Revisiting Old Art

Friends of mine in Portland own my second-ever oil painting, a still life I started as a university and revisited and finished a few years later because they wanted it and I was mortified to think of displaying it as-is (or as-was, I suppose). When I finished the painting, I painted the edges of the canvas black… except for the bottom, where it rested on the easel.

The painting hangs in their living room. I’ve been staring at that messy white edge every time I visit for years.

This Thanksgiving, I finally remembered the black oil paint and a brush (it helps that my oil paints are no longer in storage — hooray for the new studio!), and I painted that darned bottom edge.

The painting is three feet by four feet, on canvas. I use hardboard panels instead of canvas now, and I haven’t done anything that BIG since that first university class, where it was a requirement. For the most part I think it’s held up pretty well, though I think the light blurs to the right of the book and scroll are the ghosts of past perspective mistakes coming forward to haunt me.

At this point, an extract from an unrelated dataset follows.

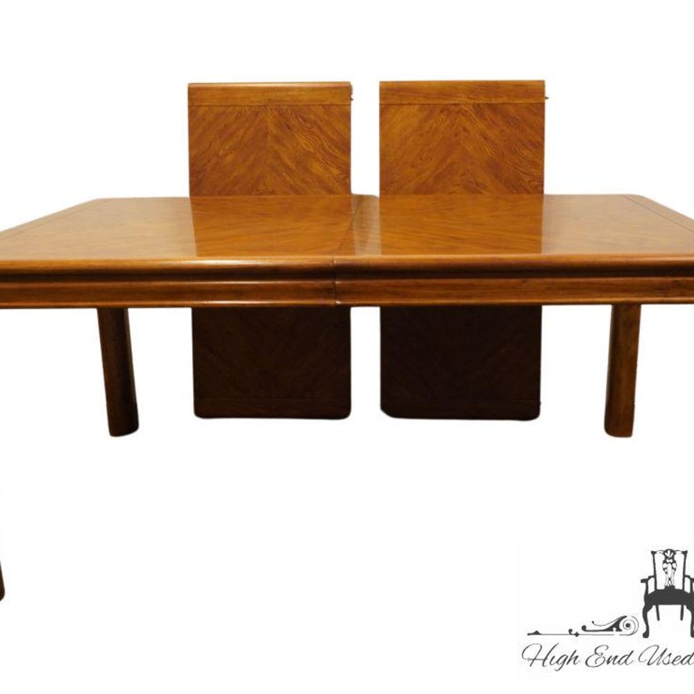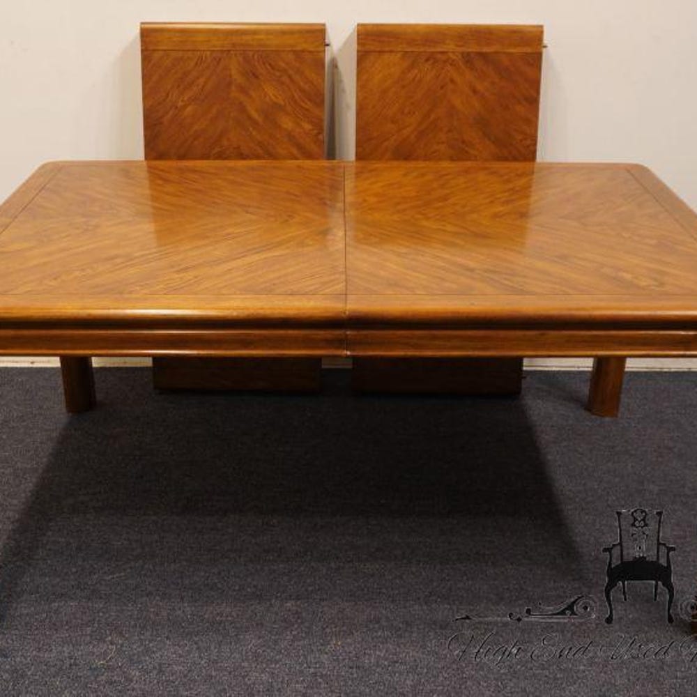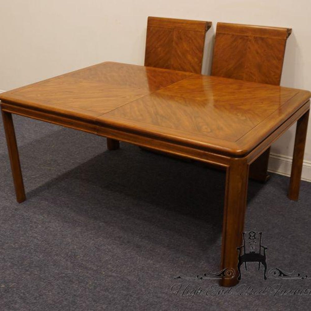 DREXEL FURNITURE Passage Collection Bookmatched Walnut Contemporary Asian Inspired 82″ Dining Table 965-342

It’s been years since I painted with oils, because I just didn’t have the space. You really need decent ventilation, but even more so, you need a space you can get messy. Oil paint takes just short of forever to dry (a scientific and totally non-exaggerated fact) which leaves a significant fraction of forever for you to accidentally transfer paint from the art to your hands to your clothes to the furniture to the pets. I did my little bit of painting in my friend’s garage, to minimize the mess. I still had to be careful, because my friend is a piano tuner, and her garage is her repair and rebuilding shop.

That also makes it a MUCH more interesting place to hang out than the average garage.

I leaned the painting (upside-down) against a workbench with an upright piano action on it.

I was very careful with my little tube of black oil paint.